Theologienne

A divinity student blogs her faithful, progressive Catholicism.

Tuesday, April 12, 2005

Sides & splitting

From the Advocate:

For the second time in less than six months, a Montgomery, Ala., Episcopal church has split from the national church over its appointment of an openly gay bishop in New Hampshire. Nearly 80% of the Church of the Ascension's 1,600-member congregation, including two of its three priests, decided Sunday to leave the church and form a new parish in the Anglican Communion called "Christchurch," the Montgomery Advertiser reported Monday. The new parish will meet at a Montgomery Presbyterian church until a permanent location is found. "This is one of the most difficult decisions my family has ever had to make. There is hardly a person in the parish, including those staying behind, who has not touched our lives in some respect," said Mark Wilkerson, who was a senior warden at the Church of the Ascension and is a member of the Christchurch executive committee. . . . "I am looking forward to worshipping without the internal politics of the Episcopal Church, and I suspect that everybody is looking forward to concentrating on the Great Commission," Wilkerson said. "God loves those who feel like in good conscience that they must leave, and God loves those who choose to stay."

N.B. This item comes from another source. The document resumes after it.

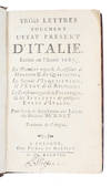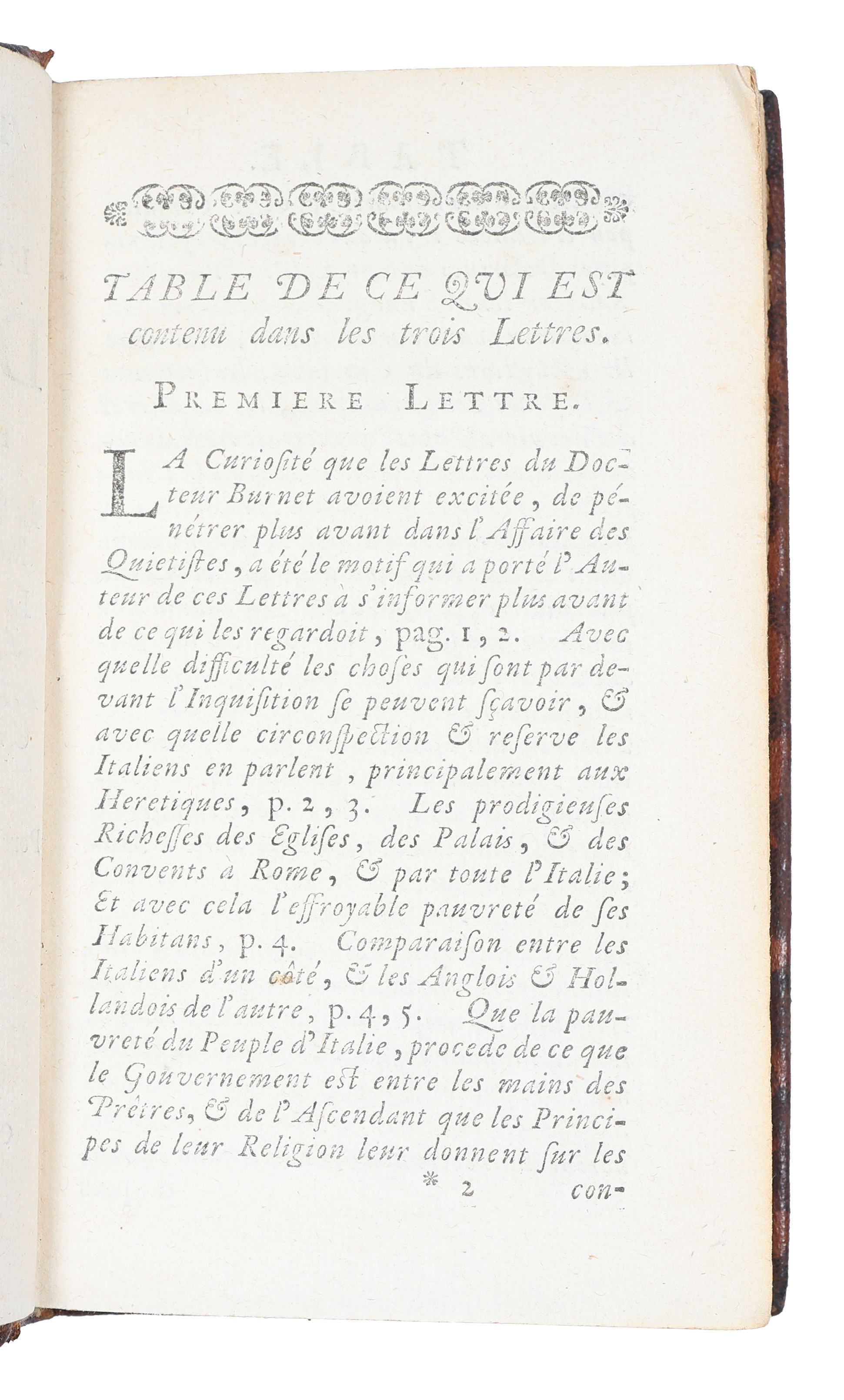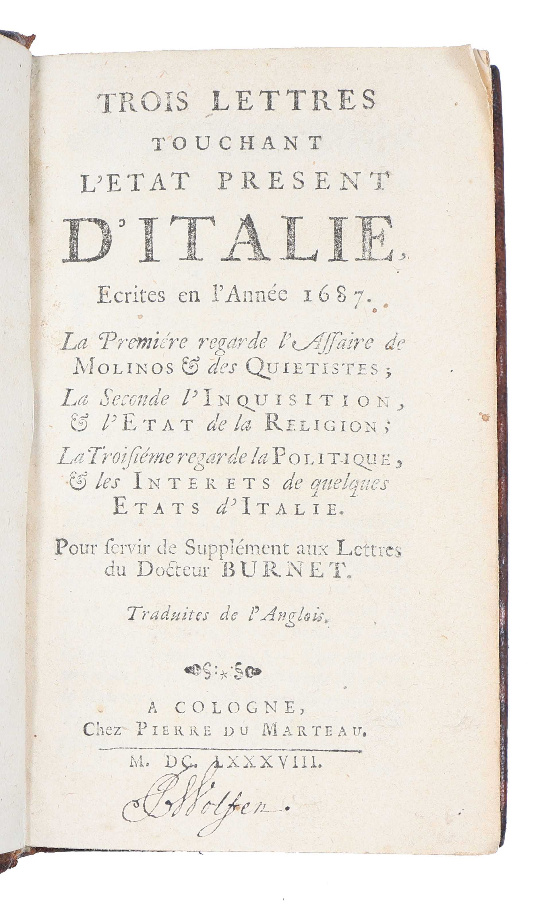 Uncommon first French transation, published the same years as the original English of Burnet’s “Three letters concerning the present state of Italy”. Here Burnet is offering a detailed account of his travels in Italy where Pope Innocent XI offered him an audience, which Burnet declined on account of his poor knowledge of the Italian language. Gilbert Burnet (1643 –1715) was a Scottish philosopher and historian and later Bishop of Salisbury. He was fluent in Dutch, French, Latin, Greek and Hebrew.

It's thoughtful of Mr. Wilkerson to remind us that God loves those on both sides of an ideological split. Too bad the participants in the debate don't seem able to act with the same love. I read a wonderful piece on the Eucharist that said that when you disparage those who share communion with you, you are insulting the Host who invited them as guests. Leaving a worship communion is like storming out of a party because you consider yourself too good to be seen with the other revelers. Although Protestants schism to start new churches, Catholics, who inhabit a "big tent" in rhetoric, are often equally guilty of dissing the company their Host has provided. (Some Catholics worship in Latin and some with guitars, and both types are capable of devaluing the people and ideas that populate others' Masses.) There are even groups of Catholics who have left, as this Alabama church left their communion, to start new worship communities. I'll explore this Catholic phenomenon more fully in another posts: I have serious reservations about the practice.

A sort of petrefaction must have occurred in the Church of the Ascension, that all dialogue and desire for the parish to work together could be choked off by one issue. When you think of all the beliefs members of the same church have in common, many of which are quite preposterous from outside a faith standpoint, disagreement on one issue of church governance ought to be subsumable in joyous belief in the divinity of Christ and trust in God. It's understandable that a churchmember would feel angry when the hierarchy imposes a decision with which she does not agree, but that's what you sign on for in an organized religion. The Anglican Communion tends to be proud of the fact that their bishops vote and that decisions are handled democratically, in contrast with the Catholic model. Parishioners can't be unaware that this means that rules might sometimes change.

When you leave a church, you're not leaving the bishops, officeholders and theologians who instituted the situations you find disagreeable: you're leaving sisters and brothers in the faith, human pastors who work hard in their callings, people who have served side by side with you and watched your family grow old. It's a sad and misguided step to take, and one which cute off all possibility for dialogue between disagreeing sides. Since we are all invited to the Eucharistic feast, God must have planned for us all to talk to one another.